Sunday, March 25, 2012

Sun-dried tomatoes

A small piece of rope – blue, plastic- one end tied to one of the pillars of a makeshift shed and the other to a nearby tree, maybe three feet long, or shorter … a few items of clothing hanging , all worn out, not spread out like washing left to dry... more like weary thoughts dumped together.

i saw this image – not so much image as a few feeble lines barely touching- i saw it the third or the fourth day of drying the tomatoes. The tomatoes had started to wilt by then and since the days were long and nights hotter i had felt confident about leaving the tomatoes out till dinner time.

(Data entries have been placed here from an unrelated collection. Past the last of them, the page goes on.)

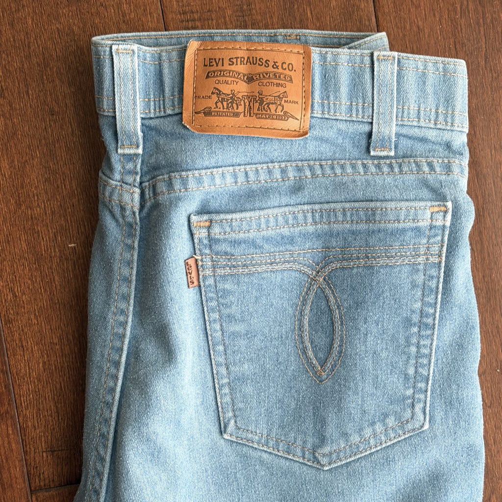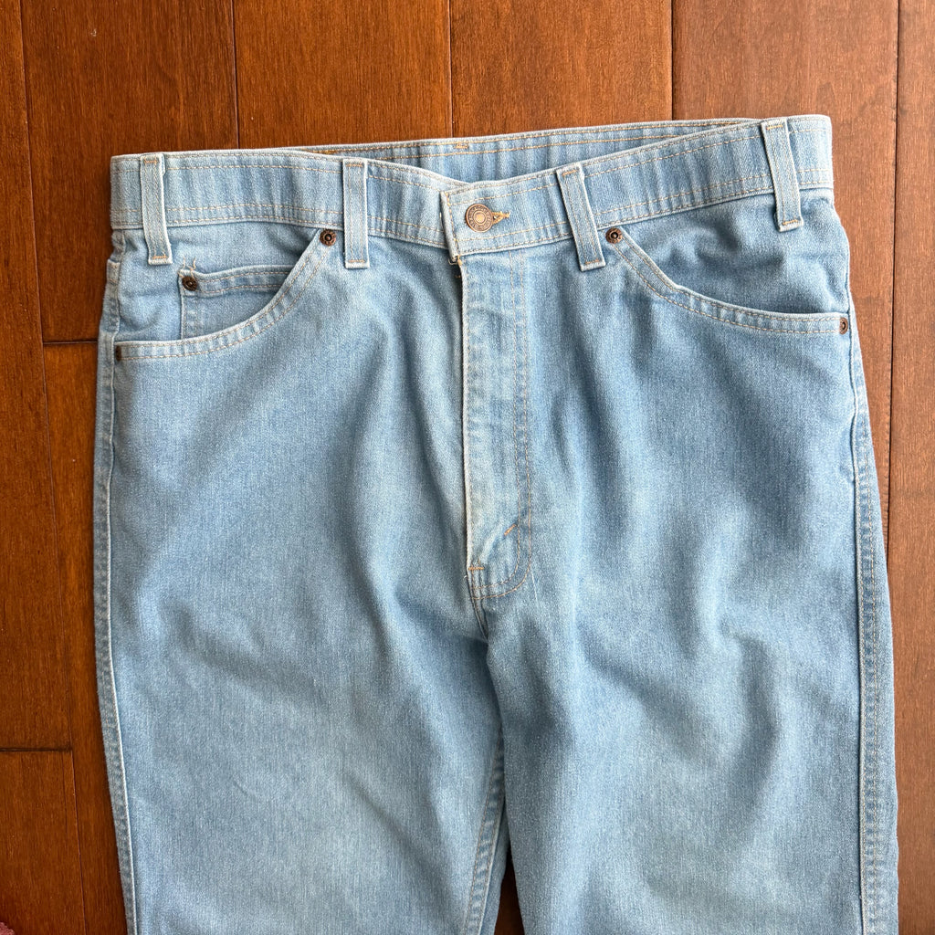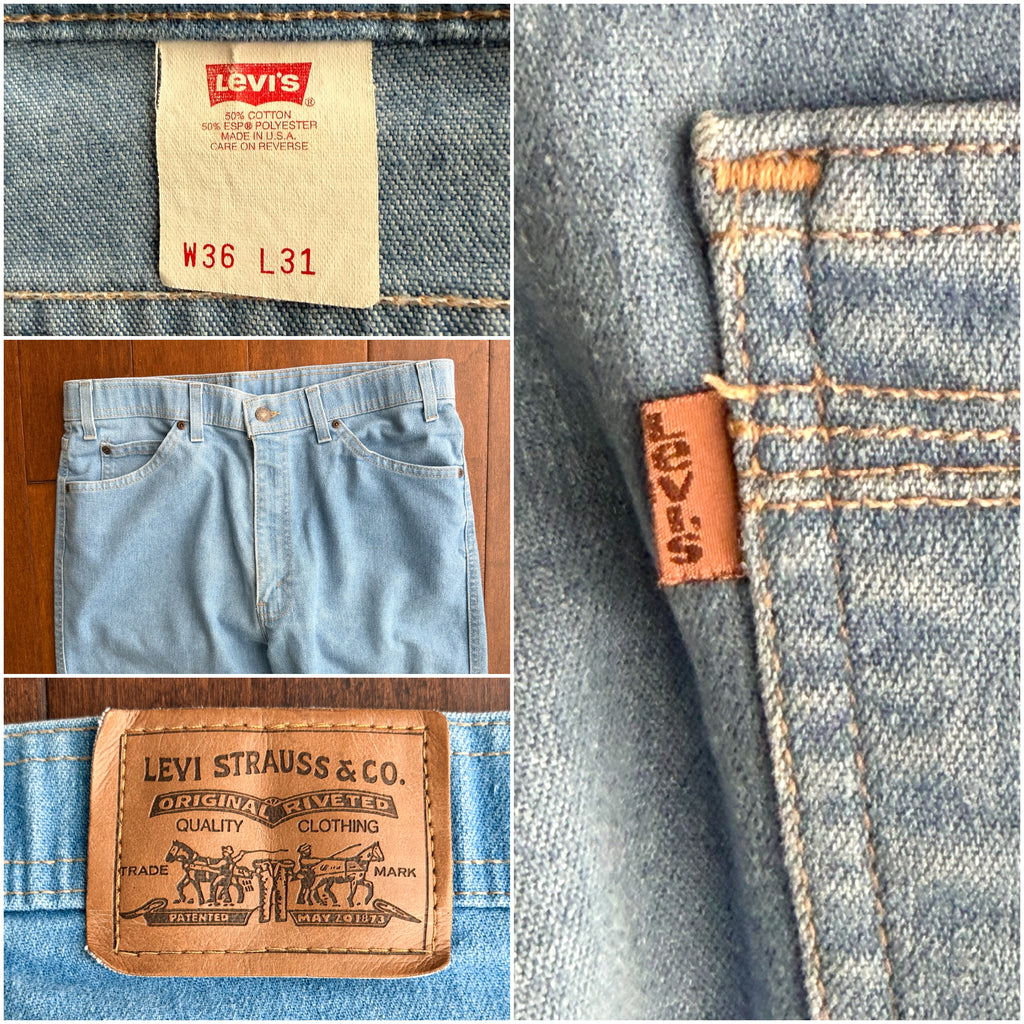 TAG: Levi Strauss & Co Paper tag on waistband, brown Levi's tab on pocket. Levi's, made in USA, 50/50 Cotton Polyester. #1539B 57.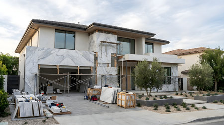 A modern house under construction showcases a striking marble exterior and scaffolding. The image captures the renovation process with tools and materials around, emphasizing architectural progress.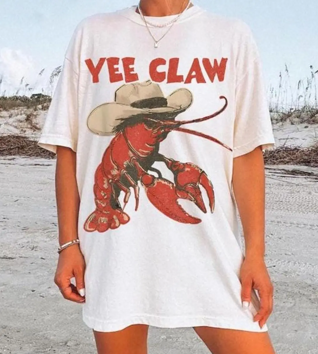 5. Vintage Yee Claw Shirt, Western Lobster Graphic Tee, Funny Coastal Cowgirl T-Shirt, Southern Beach Summer Shirt, Unisex Tee 6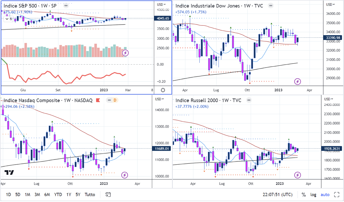 Appena Giovedì mattina ora di NY, l’S&P500 aveva tagliato la sua SMA200D, il Nasdaq era ormai prossimo a testare la SMA50D, mentre il Dow Jones giocava con i minimi del 2023. Insomma, una situazione ben poco bullish.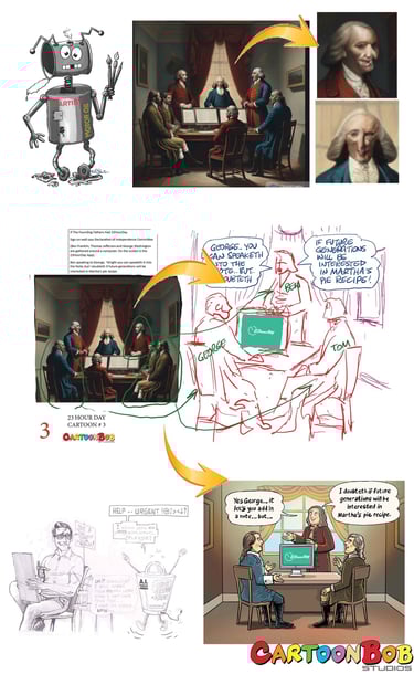 CartoonBob has been called upon to rectify the poor results produced by AI robot artists. At CartoonBob Studios, we expertly use our traditional drawing and layout skills honed over many years. The actual difference lies in our CREATIVE ART DIRECTION and REAL-LIFE HUMAN GRAPHICS EXPERIENCE!

The first time i bit into a piece of sun-dried tomatoes in a sandwich hurriedly eaten at a bleak airport lounge it was like tasting the warmth of sunshine caressing the tomato vines, i must make this, i had noted as countless tomatoes ripened and burst on my tongue. Some days later i picked some spotless roma tomatoes, sweet smelling basil and a canning jar at the grocery. Washed and dried, the deep red tomatoes with their soft shining skin were a sight to behold. Cut into halves their insides were achingly beautiful, tints of persimmon and pink with ruby red veins weaving through the flesh and around perfectly shaped seeds. i spread them on a wire rack, sprinkled salt on them and left them out in the balcony. Sun shone on the tomatoes and they quickly wilted and withered, their skin puckered and each red ovals magically took on unique shapes, and by the end of the week i was left with a handful of the most delightful, most zesty sun-dried tomatoes. i packed them in the canning jar filling it up with olive oil and the jar, oh the jar with deep red tomatoes and green basil and plump white garlic and black peppercorn stood on my kitchen counter spurring anyone who looked at it to take up painting.


And those washed out clothes; they still hang warily on to the tiny stretch of time in between sleep and wakefulness, in danger of falling down to oblivion any moment.